Elbenkinder - Die ganze Saga (1-7)
erkannte Daron.
Dreimal wiederholte sie die Formel, und der Gedanke, den sie gleichzeitig aussandte, wurde jedes Mal stärker und drängender.
„Vielleicht sollte ich mein Horn blasen“, schlug Merandil vor, als nichts geschah.
„Eure Gedankentöne würden jede Kreatur, die kein Eldran ist, nur erschrecken, werter Merandil“, lehnte Ruwen ab.
Plötzlich stiegen gleich mehrere Dutzend Blasen auf einmal an die Oberfläche des Sumpfs. Manche blähten sich so sehr auf, dass sie mehr als eine Armspanne durchmaßen.
Und dann stieg etwas aus dem Sumpf hervor. Ein geflügeltes Wesen, nicht so groß wie Rarax und nur als schattenhafter Umriss zu erkennen. Der Schlamm, der ihm zunächst anhaftete, perlte von der Kreatur einfach ab, und sie schwebte über dem Moor, ohne dabei die Flügel bewegen zu müssen. Die grauen Nebelschwaden schienen vor ihr zurückzuweichen, so als fürchteten sie dieses Wesen, das sich da in der Tiefe des Moors verborgen hatte.
„Larana!“, rief Ruwen.
Ein dumpfer Laut, der entfernte Ähnlichkeit mit einer elbischen Stimme hatte, drang aus dem schattenhaften Umriss hervor. Die Flügel bewegten sich nun langsam, ohne dass Daron den Eindruck hatte, dass es von diesen Bewegungen abhing, wie hoch das Wesen schwebte.
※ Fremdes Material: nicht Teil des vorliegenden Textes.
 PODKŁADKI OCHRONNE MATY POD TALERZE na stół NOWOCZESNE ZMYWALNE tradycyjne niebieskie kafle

„Mutter?“, fragte Daron mit einem Gedanken.
Die Gestalt veränderte sich. Sie wurde kleiner, verwandelte sich innerhalb weniger Augenblicke zum Schatten einer Frau, doch ob elbisch oder menschlich hätte so ohne Weiteres niemand zu sagen vermocht. Noch nicht.
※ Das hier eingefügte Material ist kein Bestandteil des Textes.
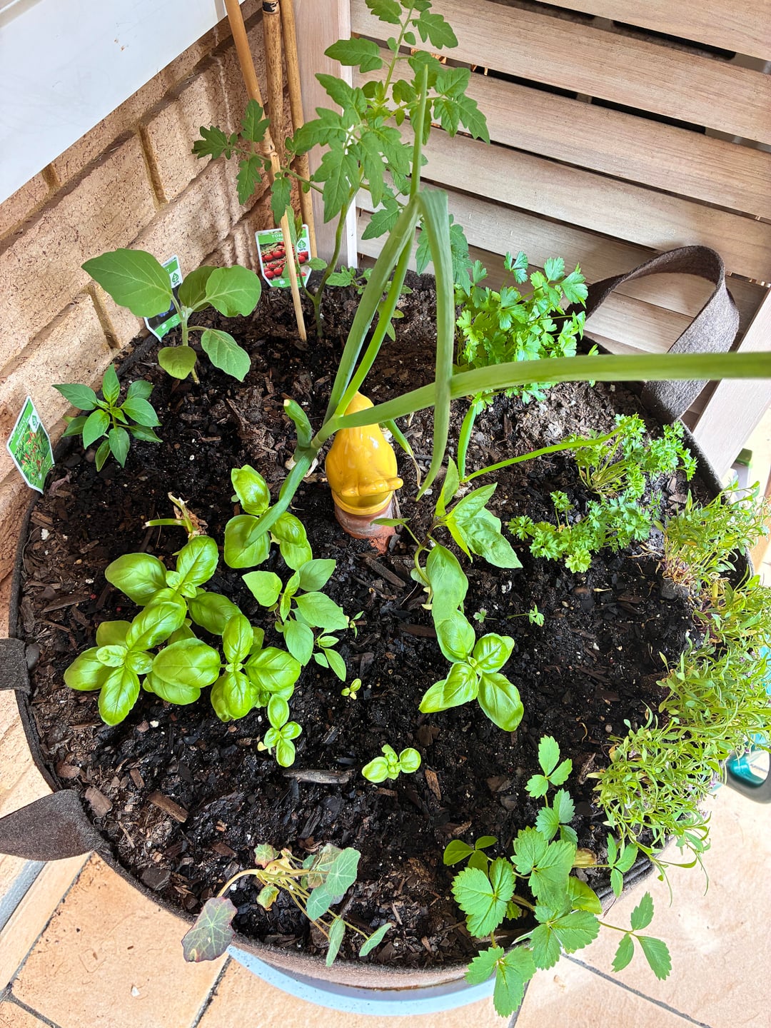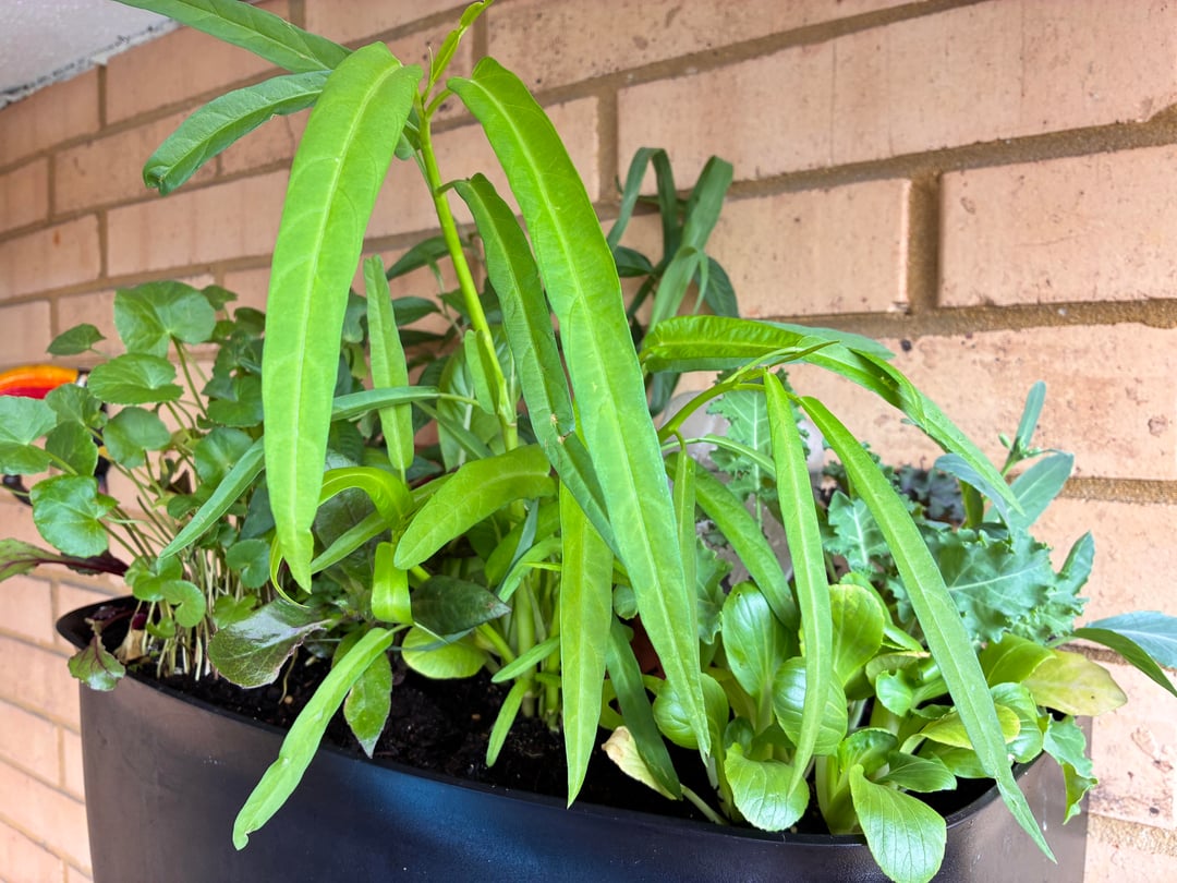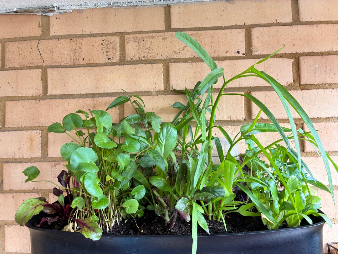 First harvest includes native pepper berry, native thyme, Vietnamese mint, kang kong (water spinach), bok choy, Choy Sum, basil, creeping thyme, and parsley.

Die Schattenfrau kam näher. Ihre Füße sanken ebenso wenig in den Sumpf ein wie bei Ruwen und Merandil.
„Daron?“
Der Gedanke, der den Elbenjungen erreichte, war zur einen Hälfte Frage und zur anderen Feststellung.
„Ich bin es wirklich“, sagte Daron.
Sie näherte sich ihm und streckte die Arme aus. Als sie Daron damit berührte, glitten ihre Schattenhände durch ihn hindurch. „Du bist es wirklich“, dachte sie. Für einen Moment schimmerte ihr Gesicht aus dem Schatten heraus. „Eine ruhelose Seele war ich. Bis jetzt.“
„Wir brauchen deine Hilfe“, sagte Daron laut. „Und vielleicht wirst du dir damit auch selbst helfen können.“
Die Schattenfrau schreckte zurück. Für einen Moment bekam sie wieder Flügel, verwandelte sich aber nicht wieder völlig in das Monster, das sie zuvor gewesen war. Sie schwebte einige Schritt davon, und Daron konnte ihr nicht folgen, weil er dann im Sumpf eingesunken wäre.
„Übertrage ihr deine Gedanken, Daron“, sagte Ruwen. „Und deine Erinnerungen. Jede Einzelheit wird ihr helfen, wieder sie selbst zu werden. Und dann wird sie auch bereit sein, mit uns zu kommen.“
„Also gut.“ Darons Augen wurden schwarz. Er konzentrierte seine Kräfte, sandte einen Strom von Gedanken, Erinnerungen und Bildern, so gebündelt und stark, dass die Schattengestalt sich nicht dagegen abschirmen konnte …
Kapitel 15
Der Kristall des Wissens
Die schwarzen Schiffe lagen vor Estanor, und die ersten Maladran stürmten an Land. Sie ritten oder liefen einfach über das Wasser, und als sie dann die Häuser erreichten, stellte sich ihnen niemand entgegen.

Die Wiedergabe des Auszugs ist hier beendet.